Estamos de pie en el campo de maniobras de la Base Militar Álvarez de Castro en Figueres. Frente a nosotros, varios grupos de soldados, totalmente equipados, armados y con la cara pintada, esperan las órdenes de sus superiores. Todos callados, concentrados, distantes...
Nosotros nos reímos con la mirada, nos hacemos fotos con el móvil y grabamos toda la estampa. Estamos contentos, llenos de excitación, como niños. Nos han colocado un chaleco y un casco militares y aguardamos a que dé inicio el juego. Pero aquello no es ningún juego...

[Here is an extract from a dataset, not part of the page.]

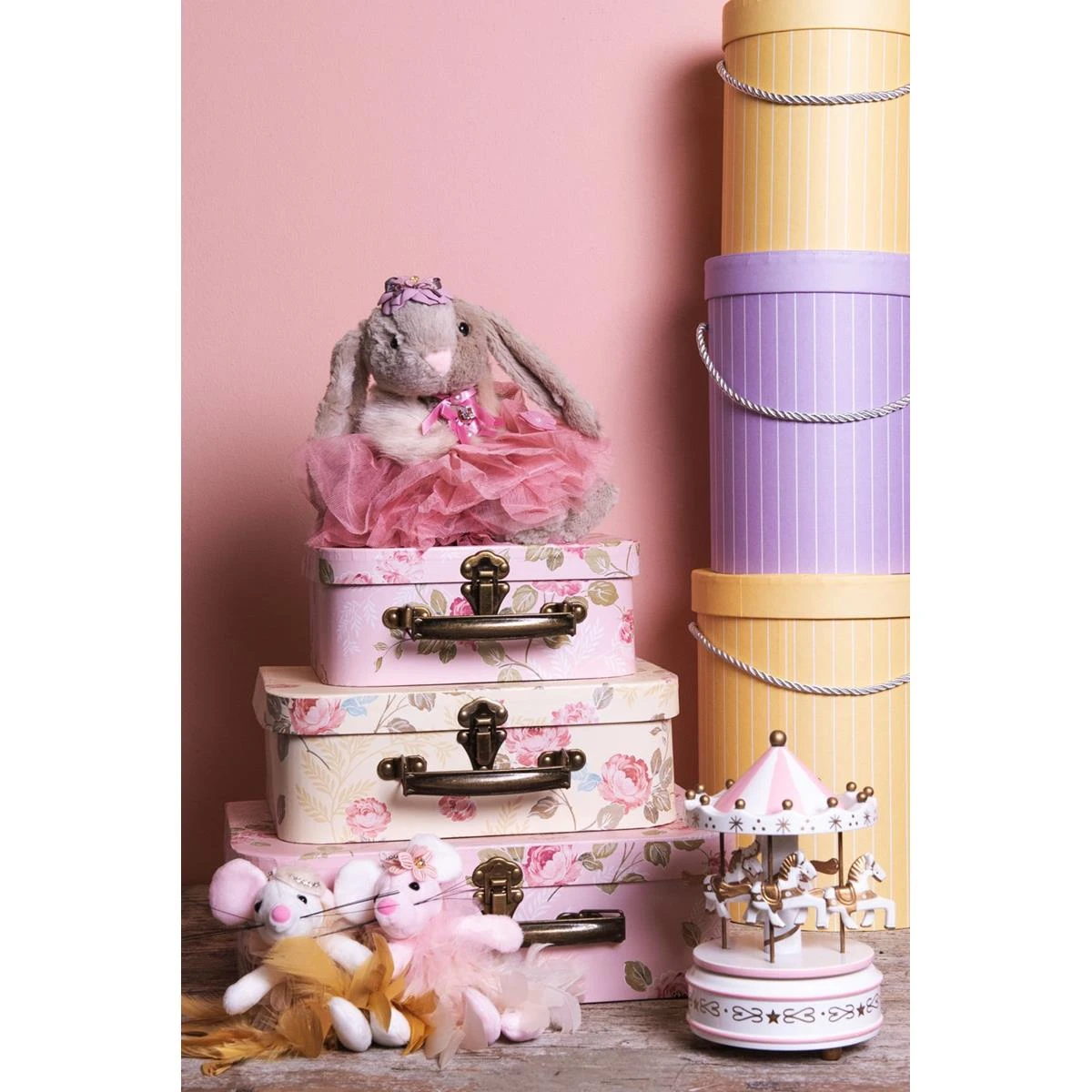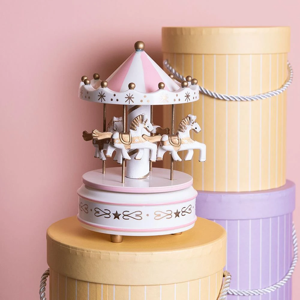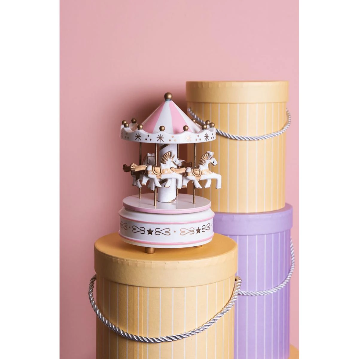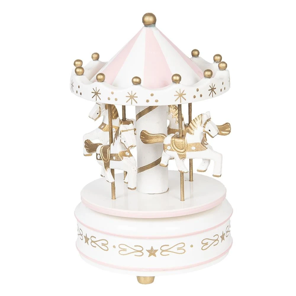 Klassieke muziek box in de vorm van een draaimolen met paardjes in de kleuren wit, roze en goudkleurig van het merk Clayre & Eef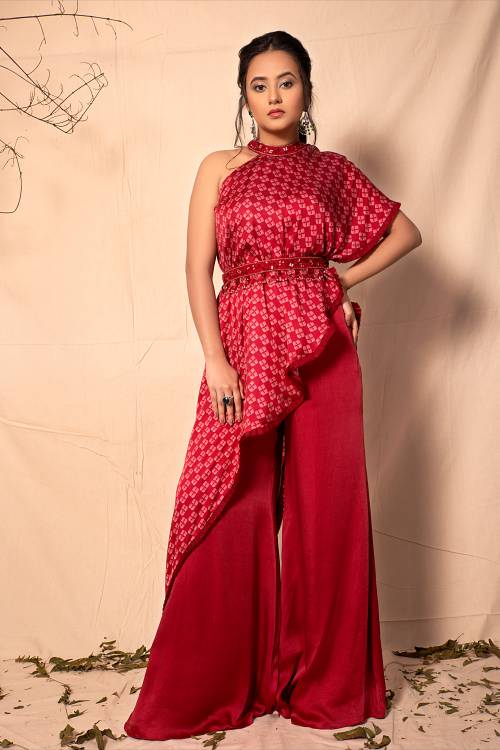 Ruby Red Printed one Shoulder Cape and Pants set with Embroidered Waist belt set Ruby Red Printed one Shoulder Cape and Pants set with Embroidered Waist belt set

A medida que pasan los minutos, el silencio se hace ensordecedor. Sólo lo interrumpe los avisos de radio que nuestro sargento, nombre en clave Gorila, recibe de forma intermitente. La tensión se palpa en el ambiente. Las maniobras están a punto de comenzar. Debemos concentrarnos. En el campo de batalla no habrá tiempo para juegos, ni si quiera para maniobras.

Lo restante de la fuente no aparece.